Bislang war es institutionellen Investoren wie bspw. Banken oder Investmentfonds vorbehalten, von Investments in attraktive und renditestarke Immobilienprojekte zu profitieren. Private Kleinanleger blieben hierbei außen vor, da sie im Gegensatz zu professionellen Großanlegern nicht über das notwendige Investmentvolumen verfügten. Nun bieten Crowdinvesting-Plattformen im Internet auch Kleinanlegern die Möglichkeit, über geringe Mindestinvestments an Zinskonditionen teilzuhaben, die vormals überwiegend Profis vorbehalten waren.

Während ein institutioneller Anleger bisher alleine eine große Summe in Immobilienprojekte investierte und attraktive Zinsen für sich beanspruchen konnte, bietet Crowdinvesting inzwischen die Möglichkeit, dass viele Kleinanleger gemeinsam die entsprechende Summe aufbringen und jeder Investor von Top-Renditen profitiert. Die Investitionen fließen dabei ohne Umwege direkt in die geförderten Projekte, ohne dass Intermediäre ihren Teil der Summe einbehalten.

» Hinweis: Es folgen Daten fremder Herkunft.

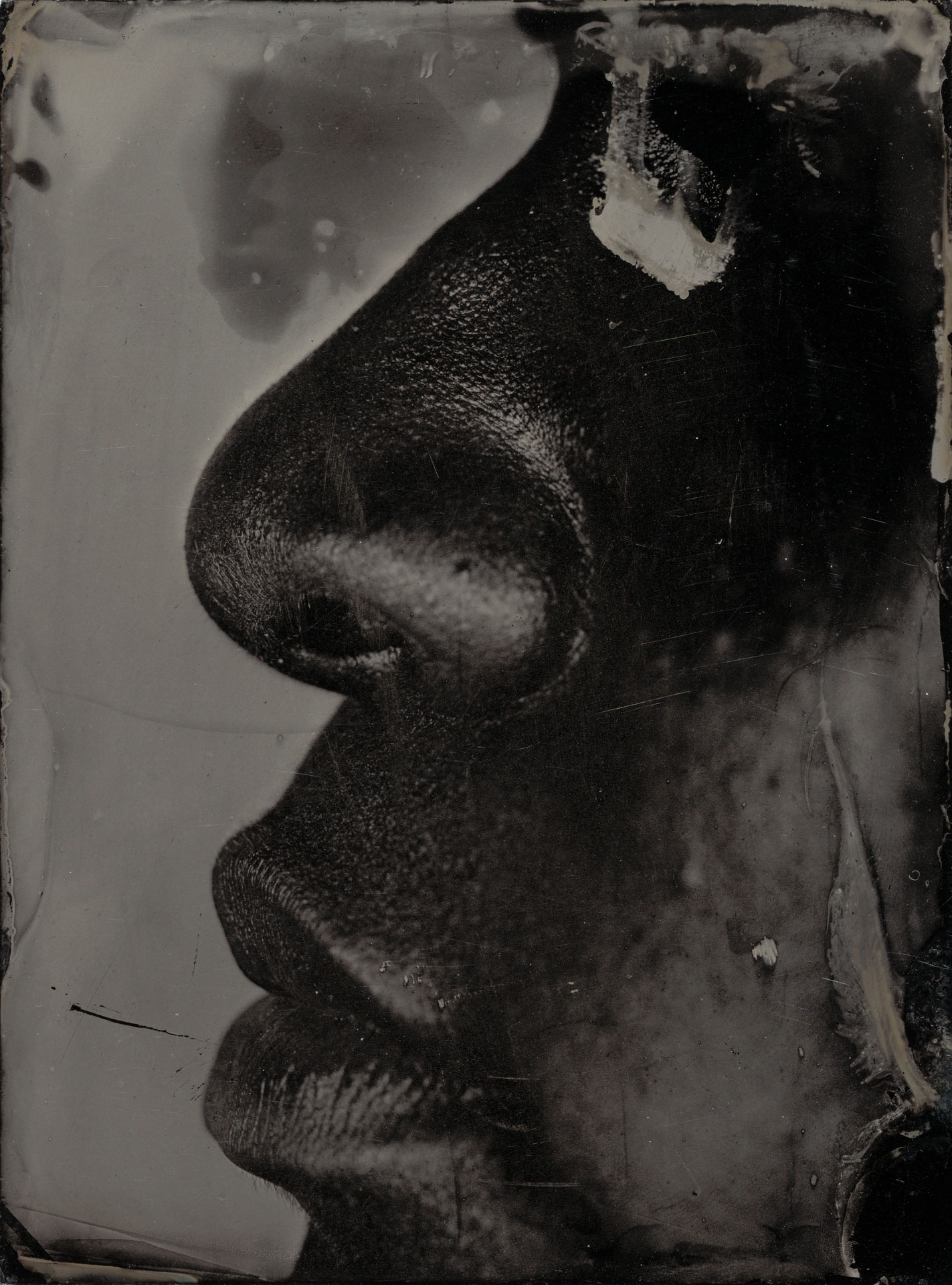 This close-up self-portrait by Myra Greene addresses the complexity of how we see other people and what we can know by seeing them. The photograph isolates and fragments a part of Greene’s face, denying us the ability to see her as a whole. The work intentionally uses a vintage photography technique called ambrotype to allude to a 19th-century version of racial profiling in which photography was used to classify facial features to support white supremacy. This photograph is part of a series titled Character Recognition. Greene began this project in 2006, noting, “Confronted with an up swell of bigotry both personal and public, I was forced to ask myself, what do people see when they look at me. Am I nothing but black? Is that skin tone enough to describe my nature and expectation in life?”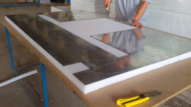 在工裝板上貼PVC膠皮是常見、普遍的方法,但并不一定能夠在所有產(chǎn)品加工中都起到防刮擦的作用。車間正在生產(chǎn)的智能電視機裝配生產(chǎn)線,就是好的反面案例。由于工裝板表面安裝有智能電視的金屬支撐架,初的設計方案是在金屬支架表面貼PVC膠皮,但方案很快被否決。工程部在經(jīng)過多次探討之后,采用45mm的PE泡棉覆蓋在工裝板表面,同時將金屬支架包裹。這一解決方案的效果在連云港客戶的電視裝配流水線項目中了很好的驗證。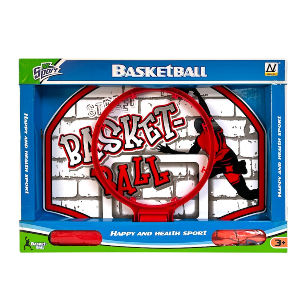 Kosárpalánk klt., labda + pumpa, 48x35 cm dob.
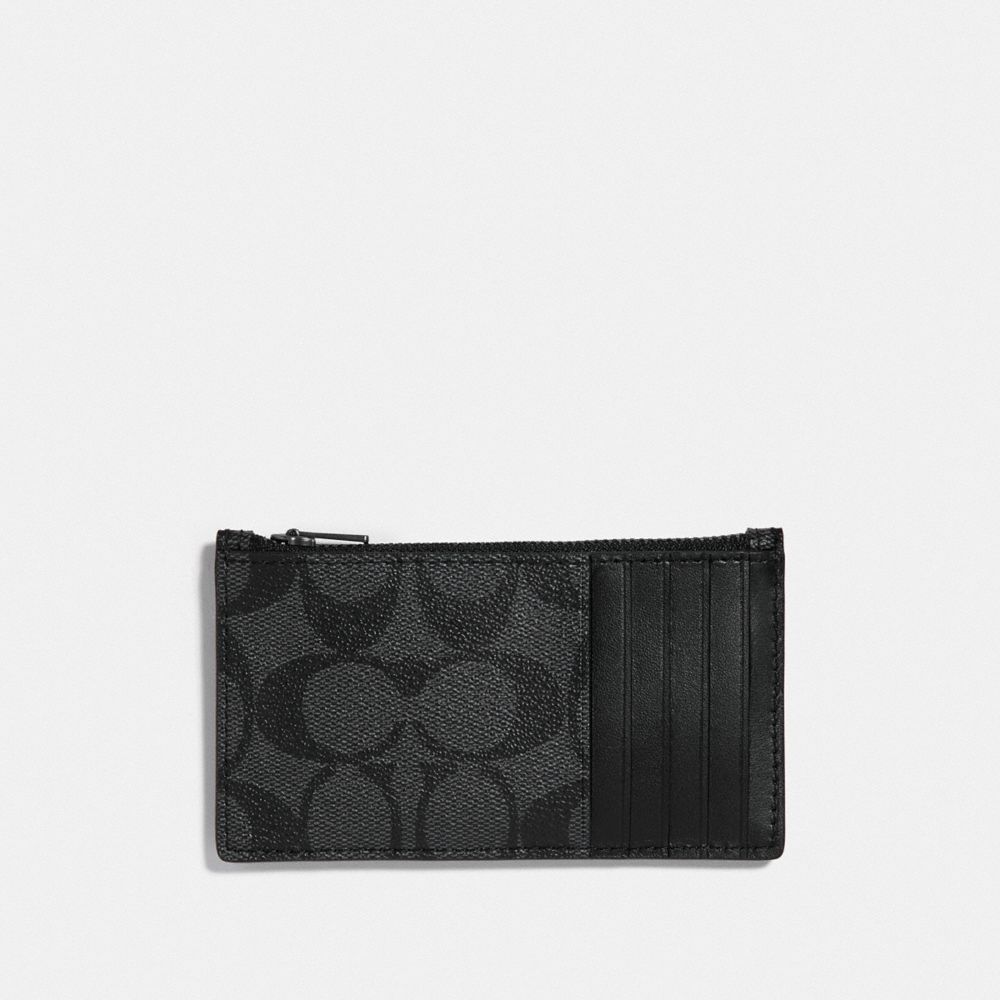 COACH FACTORY OUTLET PRICE CHART - F73225 - ZIP CARD CASE IN SIGNATURE CANVAS WITH PAC-MAN COACH SCRIPT - CHARCOAL/BLACK/BLACK ANTIQUE NICKEL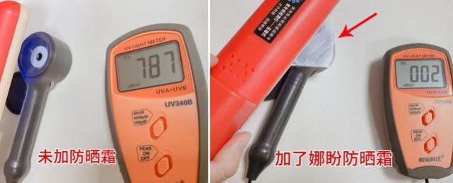 為此我們專門用紫外線燈做了一個測試:在沒有防曬的情況下,紫外線燈照射后的數(shù)值達(dá)到了700+

Außerdem haben die Investoren – im Gegensatz zu anonymen Immobilienfonds – transparenten Zugang zu zahlreichen Informationen rund um das von ihnen gewählte Immobilienprojekt. Die Nutzung der insgesamt 15 Crowdinvesting-Plattformen in Deutschland und Österreich ist für den Investor kostenlos, die Plattformen selbst finanzieren sich über projektspezifische Vermittlungsgebühren, die ausschließlich die Projektentwickler zahlen. Die beiden populärsten Plattformen sind dabei Exporo und Zinsland. Sie sind seit 12/2014 bzw. 03/2015 online und verfügen bislang über das größte Angebot an Immobilienprojekten. Die Zinsen der einzelnen Projekte reichen von 3,5% bis 7% p.a. bei Laufzeiten von in der Regel ein bis zwei Jahren, die Mindestinvestition in ein Projekt liegt meist bei 500 Euro. Für natürliche Personen sind die Investments pro Projekt zudem auf 10.000 Euro nach oben beschränkt.

Wieso finanzieren Projektentwickler ihre Projekte zu Teilen über Crowdinvesting-Plattformen?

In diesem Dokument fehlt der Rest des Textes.